Maximilian Lucassen,Johan A.K. Suykens,Kim Batselier
Abstract:Least squares support vector machines are a commonly used supervised learning method for nonlinear regression and classification. They can be implemented in either their primal or dual form. The latter requires solving a linear system, which can be advantageous as an explicit mapping of the data to a possibly infinite-dimensional feature space is avoided. However, for large-scale applications, current low-rank approximation methods can perform inadequately. For example, current methods are probabilistic due to their sampling procedures, and/or suffer from a poor trade-off between the ranks and approximation power. In this paper, a recursive Bayesian filtering framework based on tensor networks and the Kalman filter is presented to alleviate the demanding memory and computational complexities associated with solving large-scale dual problems. The proposed method is iterative, does not require explicit storage of the kernel matrix, and allows the formulation of early stopping conditions. Additionally, the framework yields confidence estimates of obtained models, unlike alternative methods. The performance is tested on two regression and three classification experiments, and compared to the Nyström and fixed size LS-SVM methods. Results show that our method can achieve high performance and is particularly useful when alternative methods are computationally infeasible due to a slowly decaying kernel matrix spectrum.

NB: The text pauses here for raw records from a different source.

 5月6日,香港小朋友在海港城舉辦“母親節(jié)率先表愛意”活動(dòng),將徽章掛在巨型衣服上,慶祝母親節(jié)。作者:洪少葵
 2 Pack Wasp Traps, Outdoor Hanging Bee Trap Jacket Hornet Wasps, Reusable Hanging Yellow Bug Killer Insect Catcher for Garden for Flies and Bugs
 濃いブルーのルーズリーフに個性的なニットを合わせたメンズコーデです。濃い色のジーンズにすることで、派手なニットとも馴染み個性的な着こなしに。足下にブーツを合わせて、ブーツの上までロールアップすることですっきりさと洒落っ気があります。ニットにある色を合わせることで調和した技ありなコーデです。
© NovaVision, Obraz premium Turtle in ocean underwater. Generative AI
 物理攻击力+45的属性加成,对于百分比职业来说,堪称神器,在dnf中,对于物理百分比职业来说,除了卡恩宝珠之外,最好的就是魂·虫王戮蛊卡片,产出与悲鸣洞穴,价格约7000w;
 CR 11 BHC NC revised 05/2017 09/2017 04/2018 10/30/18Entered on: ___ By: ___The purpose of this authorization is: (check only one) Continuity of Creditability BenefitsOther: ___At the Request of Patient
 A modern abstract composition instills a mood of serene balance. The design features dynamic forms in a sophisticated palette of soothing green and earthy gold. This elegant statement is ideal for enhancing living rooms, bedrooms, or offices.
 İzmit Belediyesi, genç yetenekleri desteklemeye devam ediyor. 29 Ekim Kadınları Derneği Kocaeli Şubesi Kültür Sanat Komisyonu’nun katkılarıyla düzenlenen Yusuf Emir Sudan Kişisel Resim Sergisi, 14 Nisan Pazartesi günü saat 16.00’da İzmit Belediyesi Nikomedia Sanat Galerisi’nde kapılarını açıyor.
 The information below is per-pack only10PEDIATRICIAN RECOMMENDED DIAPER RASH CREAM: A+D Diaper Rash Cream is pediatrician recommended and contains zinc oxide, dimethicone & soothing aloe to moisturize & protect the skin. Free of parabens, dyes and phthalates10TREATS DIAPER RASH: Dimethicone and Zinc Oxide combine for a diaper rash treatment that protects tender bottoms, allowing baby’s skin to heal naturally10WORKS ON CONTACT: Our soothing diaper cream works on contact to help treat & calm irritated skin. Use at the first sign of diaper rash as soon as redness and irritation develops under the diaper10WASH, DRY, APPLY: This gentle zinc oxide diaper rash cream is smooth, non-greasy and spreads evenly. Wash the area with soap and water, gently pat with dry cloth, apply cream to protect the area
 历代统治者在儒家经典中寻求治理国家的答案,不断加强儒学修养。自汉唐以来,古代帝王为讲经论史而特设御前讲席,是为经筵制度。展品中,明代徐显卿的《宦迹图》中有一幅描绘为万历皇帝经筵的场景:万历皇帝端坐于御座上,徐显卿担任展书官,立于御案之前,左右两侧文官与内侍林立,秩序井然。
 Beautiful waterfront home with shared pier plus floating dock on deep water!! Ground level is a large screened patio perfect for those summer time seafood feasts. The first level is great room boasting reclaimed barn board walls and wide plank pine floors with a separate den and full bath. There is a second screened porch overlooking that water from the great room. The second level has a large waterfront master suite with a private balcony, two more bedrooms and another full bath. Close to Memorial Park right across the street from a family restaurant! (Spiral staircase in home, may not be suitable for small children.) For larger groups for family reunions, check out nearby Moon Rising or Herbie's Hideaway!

What problem does this paper attempt to address?
The main problem that this paper attempts to solve is the memory and computational complexity issues encountered by large - scale least - squares support vector machines (LS - SVM) when dealing with large - scale data sets. Specifically, traditional low - rank approximation methods perform poorly when dealing with data with slowly decaying kernel matrix spectra, which limits their effectiveness in large - scale applications. To solve these problems, the authors propose a recursive Bayesian framework based on tensor networks and Kalman filtering, aiming to reduce the high memory and computational requirements associated with solving large - scale dual problems by avoiding explicit storage of the kernel matrix and providing prediction confidence intervals.
### Problems Solved by the Paper:
1. **Large - scale Data Processing**: Traditional methods face limitations in memory and computational resources when dealing with large - scale data sets. In particular, as the number of data points \( N \) increases, the computational complexity \( O(N^3) \) and storage complexity \( O(N^2) \) make direct methods infeasible.
2. **Limitations of Low - rank Approximation Methods**: Existing low - rank approximation methods (such as the Nyström method and the fixed - size LS - SVM method) rely on the fast - decaying spectra of the kernel matrix, but perform poorly when the kernel matrix spectra decay slowly. These methods usually require a large number of sample subsets and cannot provide prediction confidence intervals.
3. **Computational Efficiency and Confidence Intervals**: The method proposed in the paper can not only efficiently handle large - scale data sets, but also provide prediction confidence intervals, which are not available in existing low - rank approximation methods.
### Solutions:
- **Tensor Network Representation**: Transform the dual problem into the tensor network (Tensor Train, TT) form, reducing the storage complexity from \( O(N^d) \) to \( O(dN r^2) \), where \( r \) is the TT rank.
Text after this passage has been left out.